Can’t believe i had this antivirus AND the support for free, thats awesome

Only little thing…
After running the windows tweaking i got that “windows is not genuine” thing…
My desktop is black…
I know this is not a windows troubleshooting service but if you know how to fix i’d be greatfull.

Deleted by Alan1998

That is an occasional side effect of this malware

A free phone call will fix that

If you have access to the Start button: Click the Start button, and type slui 4 in the search field and then press the “Enter” key. This will bring up the Activate by Phone dialog window. Follow the steps provided by the window. The phone activation process should only take about 6 minutes.

b) If you do not have access to the Start button: Reboot and login to Vista, a dialog window will come up. In that window, click the option “Access computer with reduced functionality”. Once you do that, Internet Explorer or Firefox browser will open.
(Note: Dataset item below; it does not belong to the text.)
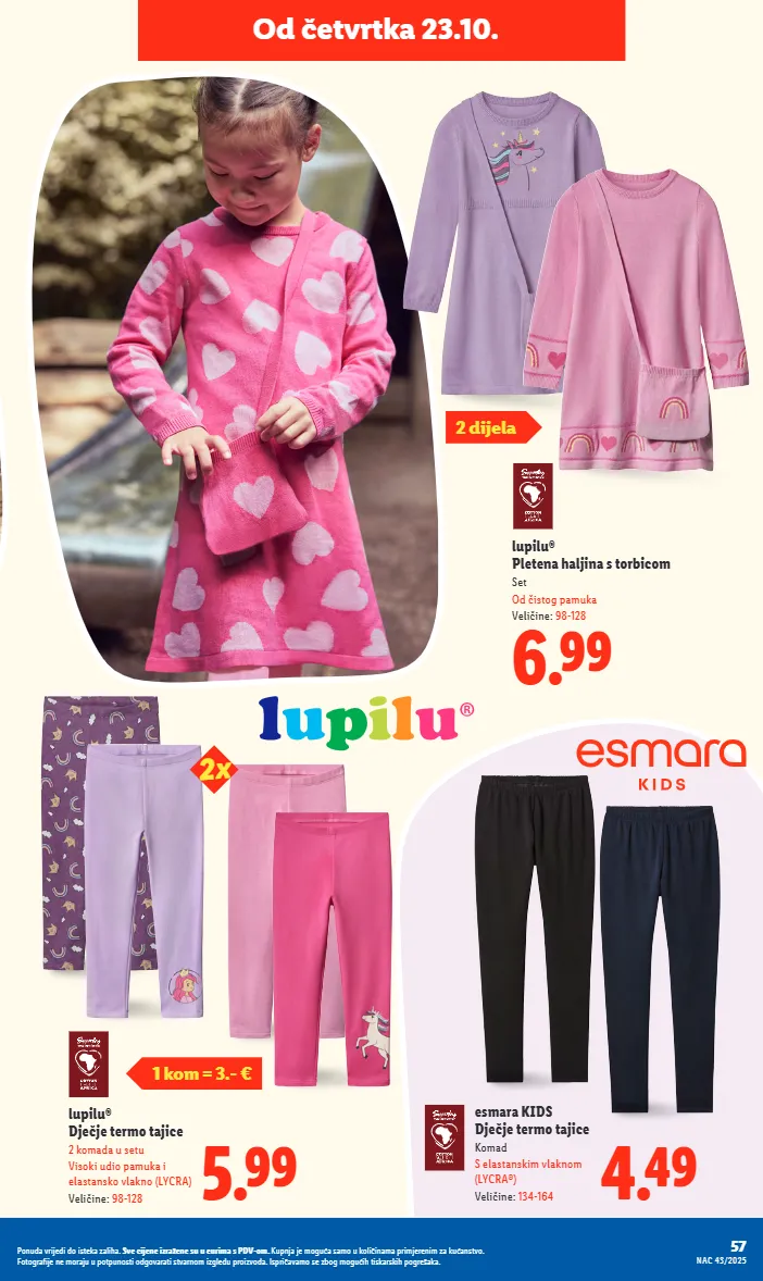 lupilu® dječje termo tajice 2 komada u setu visoki udio pamuka i elastansko vlakno (lycra) veličine: 98-128 5.99 1 kom = 3.- € esmara kids dječje termo tajice komad s elastanskim vlaknom (lycra®) veličine: 134-164 4.49 od četvrtka 23.10. lupilu® pletena haljina s torbicom set od čistog pamuka veličine: 98-128 6.99 2x 2 dijela 57 nac 43/2025 ponuda vrijedi do isteka zaliha. sve cijene izražene su u eurima s pdv-om. kupnja je moguća samo u količinama primjerenim za kućanstvo. fotografije ne moraju u potpunosti odgovarati stvarnom izgledu proizvoda. ispričavamo se zbog mogućih tiskarskih pogrešaka.

In the address bar type c:\windows\system32\cmd.exe press enter, a new window will come up, type: slui 4 and hit enter and follow steps to Activate over the Phone.

NOTE: The important thing to this process is that you need to talk to a Live Activation Rep! When you first call, you will be interacting with an Automated Voice, either select the option to talk to a Live Rep or if there is no option, do not enter any numbers. This should force the automated voice to transfer you to a Live Rep.